# Human hair chewing dog



## dvmercke (Jan 21, 2011)

My Izzy is constantly chewing my hair and the hair of others:innocent: It is quit annoying. I spoke with her vet and groomer and they had no answers. Please help me..She will be 2 on Valentines day and has done this since 
she was a puppy.:smilie_tischkante:


----------



## uniquelovdolce (Mar 10, 2010)

all i could say is that it sounds like a habit . i have no clue , nmaybe put ther down , say no and ignore her every single time she does this , and when she doesnt do it praise and treat ?


----------



## silverhaven (Sep 6, 2009)

Awww! I love those little hair nips. Lola does this sometimes and it is really quite affectionate. She nibbles on eyebrows, hair and ears too, even tries to reach the eyelashes if I would let her. If it is done excessively though it sounds like you have have to stop her. A sharp ah ah, or no while removing her should work I should think, as she can't really get to the hair etc. unless you let her.


----------



## SugarBob62 (Nov 9, 2009)

HAHA Nelson is OBSESSED with wet hair...fresh outta the shower. He goes crazy for it. Rubbing on it, biting it, scratching on it. I have to get a video of it one of these days. I dunno what it is...

But sometimes he does nibble on the end if I'm holding him, but I too think it's cute. I guess I would be bothered though if he did it constantly, or on guests hahaha. But I dunno why he does that either...?


----------



## silverhaven (Sep 6, 2009)

SugarBob62 said:


> HAHA Nelson is OBSESSED with wet hair...fresh outta the shower. He goes crazy for it. Rubbing on it, biting it, scratching on it. I have to get a video of it one of these days. I dunno what it is...
> 
> But sometimes he does nibble on the end if I'm holding him, but I too think it's cute. I guess I would be bothered though if he did it constantly, or on guests hahaha. But I dunno why he does that either...?

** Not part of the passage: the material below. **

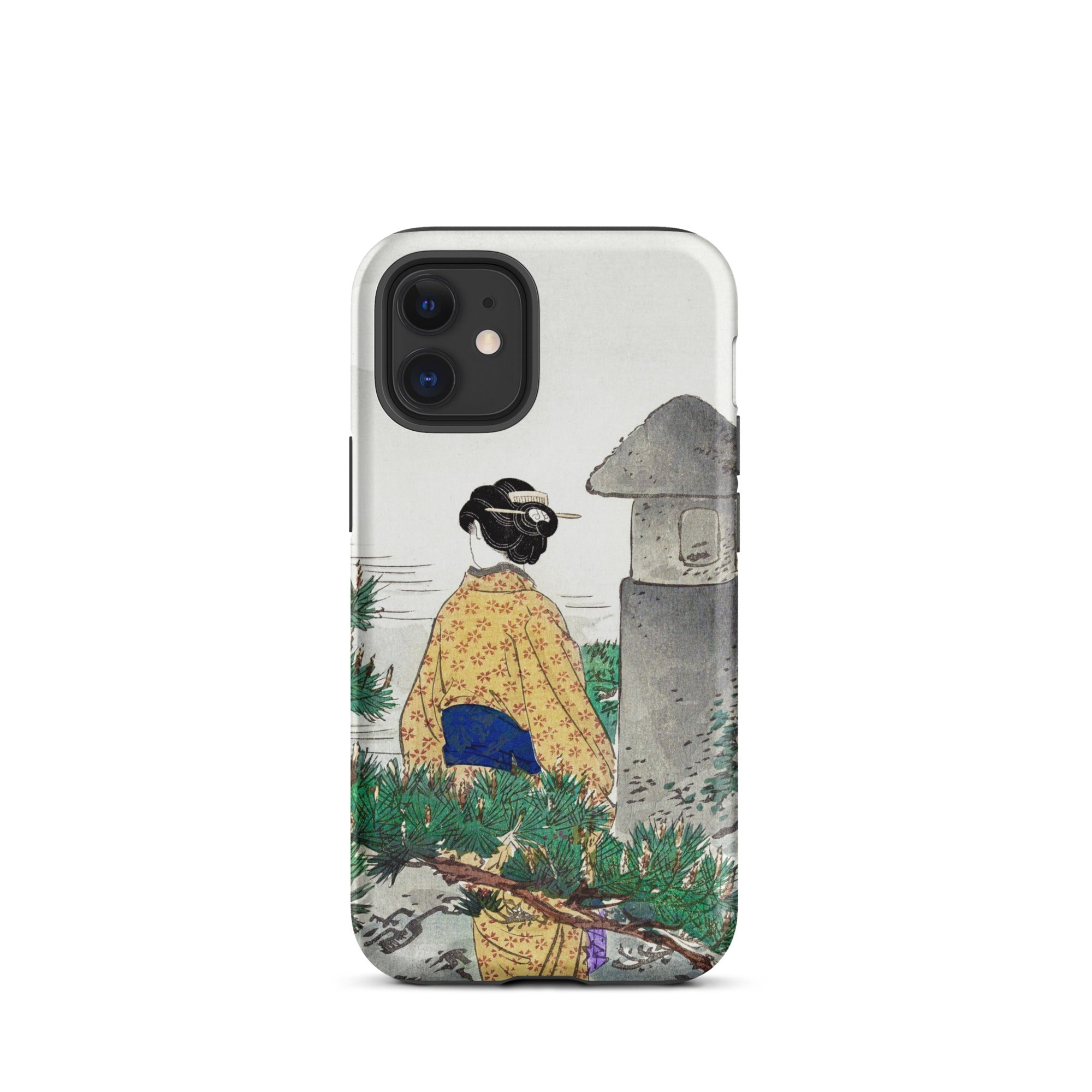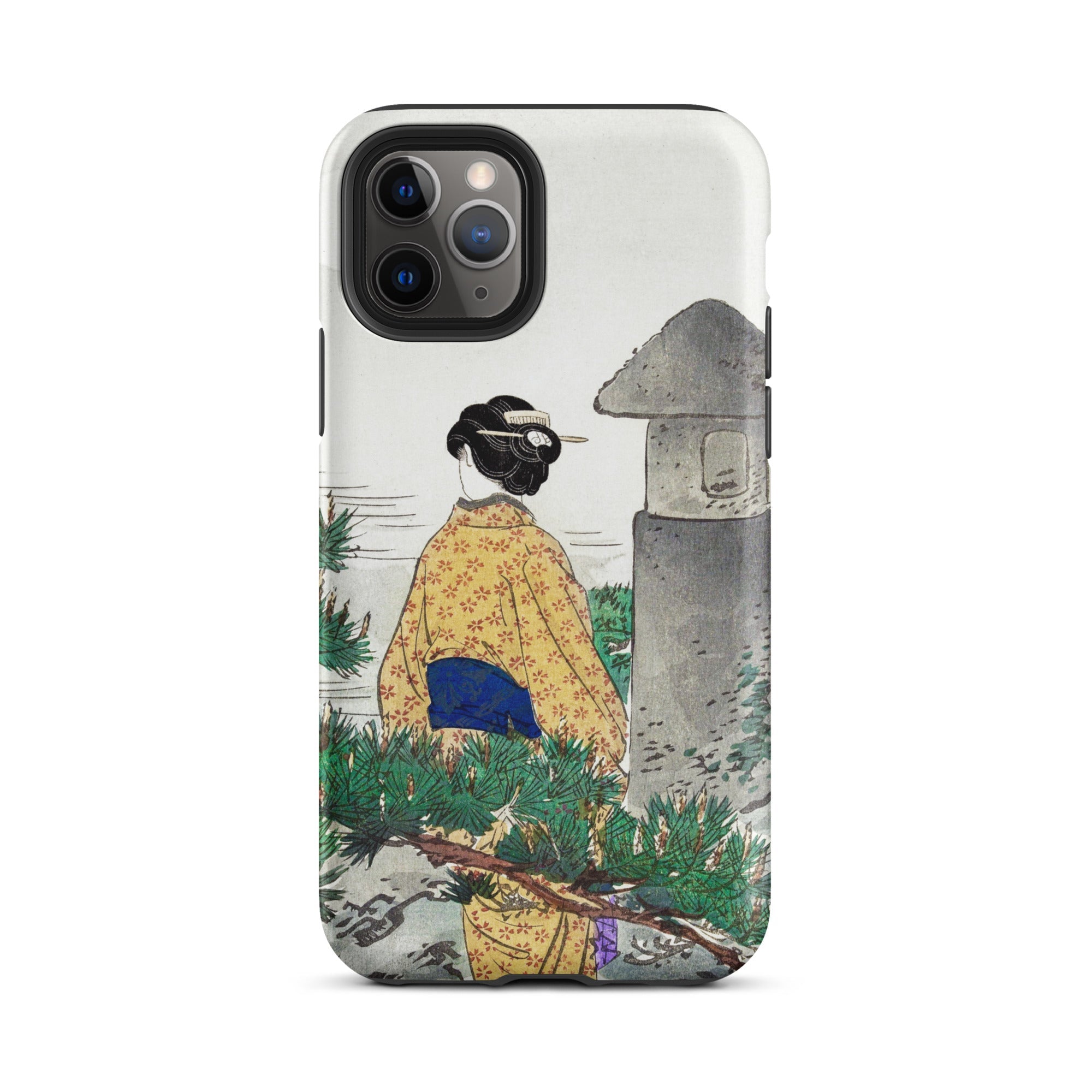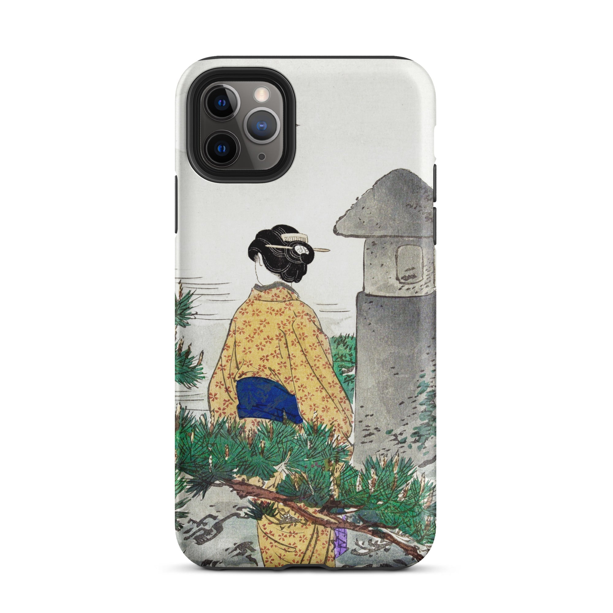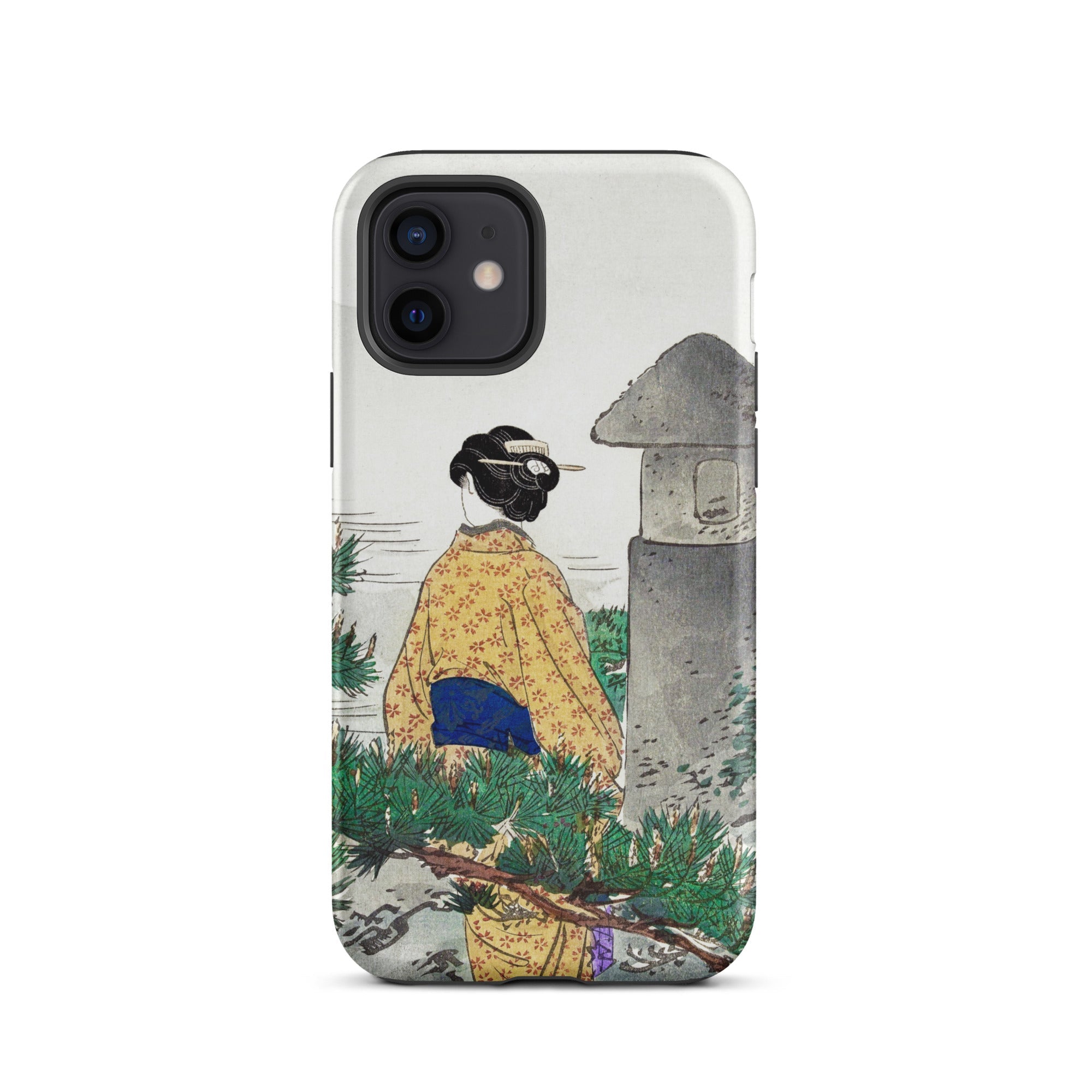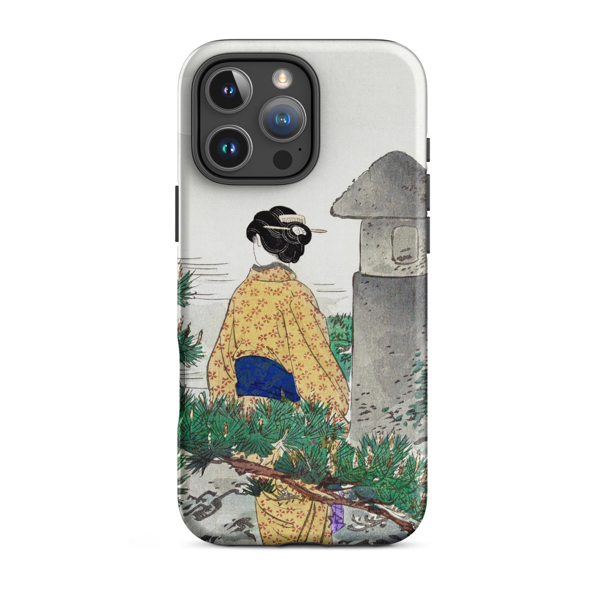 Je wordt met deze prachtige Ogata Gekko naar een serene maanverlichte tuin getransporteerd iPhone geval. Het lichtgevende ontwerp legt het contemplatieve moment van een geisha vast voor een stenen lantaarn, haar gouden kimono levend met delicate bloemenpatronen.

Too funny. Lola goes so crazy when hubby comes out of the shower it is now a ritual where he bends down to the floor so she can fly around his head rubbing and drying his hair :wub::wub:


----------



## maggieh (Dec 16, 2007)

Tessa does this when we're rolling around play wrestling on the floor!


----------



## princessre (Dec 23, 2008)

Casanova loves to chew on my hair too.....but only at night....He thinks he is "grooming" me. I thank him afterward. I think it's adorable too :wub: because he really thinks he is helping me.


----------



## aprilb (Jul 9, 2010)

My Lily is a hair-puller! Her favorite thing to do is pull the hairs on my hubby's arms, she pulls her sister's tail, and pulls at the fibers on my kitchen rug.!:smilie_tischkante:


----------



## SugarBob62 (Nov 9, 2009)

silverhaven said:


> Too funny. Lola goes so crazy when hubby comes out of the shower it is now a ritual where he bends down to the floor so she can fly around his head rubbing and drying his hair :wub::wub:


 
HHHAAHA thats exactly how it is here!!! A "ritual" :HistericalSmiley: :HistericalSmiley: :HistericalSmiley:

Funny, the crazy things we let our dogs to...US!!!


----------